Diabetes patients usually encounter the following circumstances: if an oral hypoglycaemic drug does not produce the ideal effect, then one or two other medications need to be added. What does that mean? That means two different medications usually are complementary to each other. They differ in terms of the way and process of taking effect, and when used together, they will supplement to each other in terms of the effecting characteristics and time. The common effect usually exceeds that produced by doubling the dose of a single oral hypoglycaemic drug.
Many middle-aged or old patients with diabetes like to double the dose when taking medication. Once the medication does not produce the expected effect, they will double the prescribed dose on the instructions for use. Some instructions specify that one pill is to be taken per time, while many people purposely take one or two pills. Many diabetes patients believe that the more dose of a drug they take per time, the higher the effect will be. We should abandon this misconception. The dose specified on the instructions are stringently prescribed and precisely calculated. When the diabetes patients takes more, it means the toxic side effect produced by the drug is higher. The toxic side effect of most drugs has a direct relationship with the dose taken by the diabetes patient. The higher the dose, the stronger the toxic side effect will be; the less the dose, the smaller the toxic side effect will be.
This is particularly important. It should be noted that drugs have side effects. It can be hardly felt when taking medications for cold or fever, but for a patient of diabetes, the side effect would be obvious when they take hypoglycaemic drugs. For example, long-term administering of Sulfonylureas will cause hypoglycaemia (low blood sugar), while Metformin will produce side effects such as nausea and vomiting. The side effects of such drugs will get higher as the dose becomes larger.
For hypoglycemic drugs, it is not that the higher the dose is, the better the effect would be. When the dose of hypoglycaemic drugs exceeds the clinical maximum value, the blood glucose reduction effect will not be enhanced accordingly. Generally speaking, if taking some hypoglycemic drug may effectively control the disease, then it would not be necessary to take other drugs. But if the blood glucose still cannot be well controlled, the diabetes patient should not blindly increase the dose, but should follow the advice of a doctor by adding other drugs as supplements.

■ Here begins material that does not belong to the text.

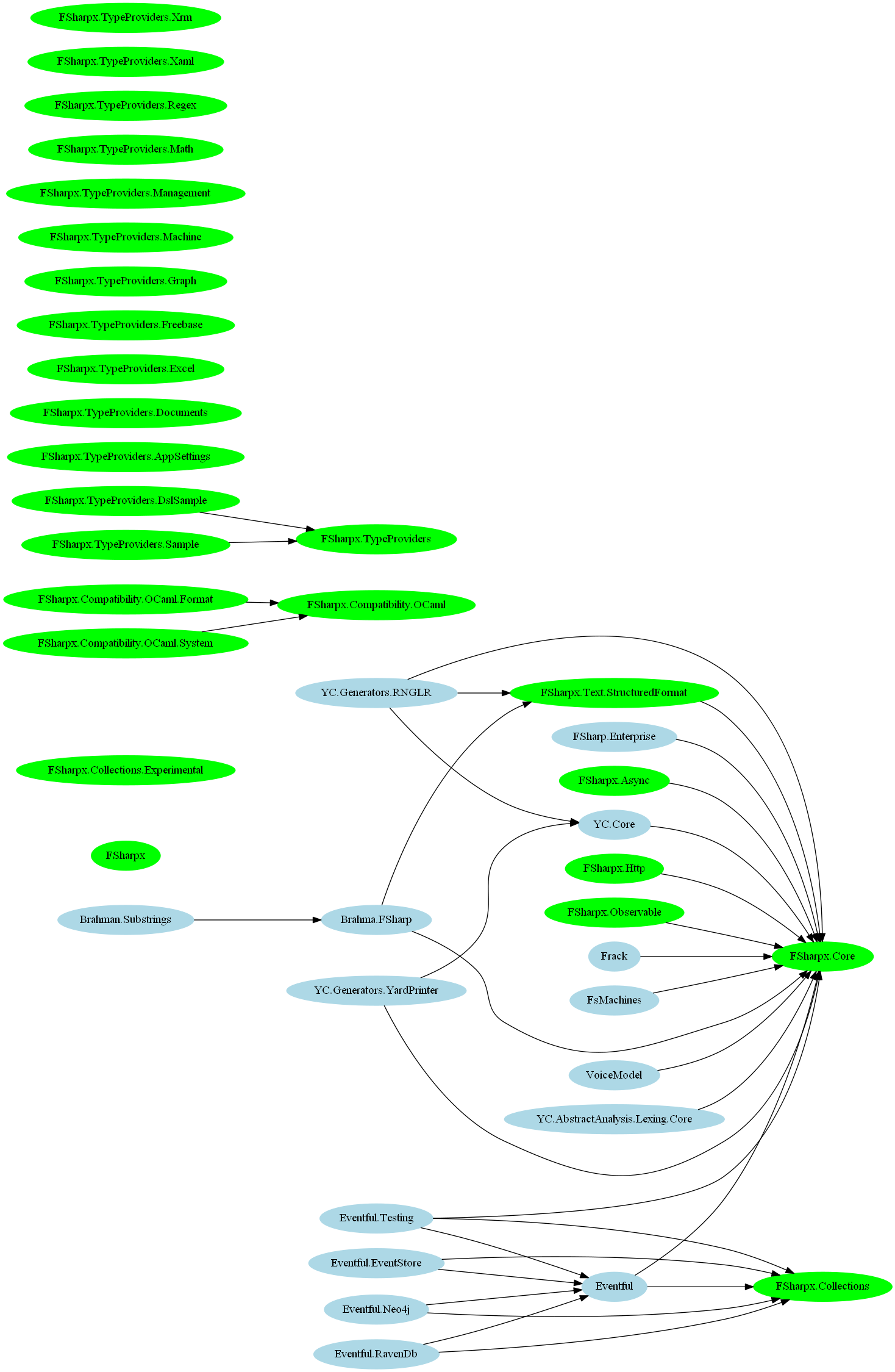 The second thing is visualization of the result, here I want to say thank you to Scott Wlaschin for his great script type-dependency-graph.fsx (that was built for ‘Cycles and modularity in the wild‘ analysis). I took his GraphViz module and slightly modified it to allow colorful graphs printing. To use it you need to download GraphViz from the official site.

Currently the frequently used oral hypoglycaemic drugs can be divided into six categories, which differ from each other in terms of working mechanism. Using hypoglycaemic drugs of different working mechanisms may reduce the blood glucose from different aspects, which will produce better effects than by using any of such drugs alone. This is called drug combination. Clinically, drug combination actually produces better effects: the dose of each drug is reduced; the side effect is decreased; but the blood glucose reduction effect is intensified. For example, reduction of the dose of Metformin may lead to reduced side effects such as nausea and vomiting.
It should be noted, however, that using two drugs of the same category is not recommended. For example, it is not advised to use two sulfonylurea drugs together or two Biguanides drugs together. This is because using two drugs of the same category together may result in competition between the two, thereby increasing the side effect instead of the blood glucose reduction effect. For diabetes patients, it is recommended that two different kinds of drugs should be taken together, instead of taking two drugs of the same kind. Drug combination may reduce the side effect of the drugs and enhance the blood glucose reduction effect.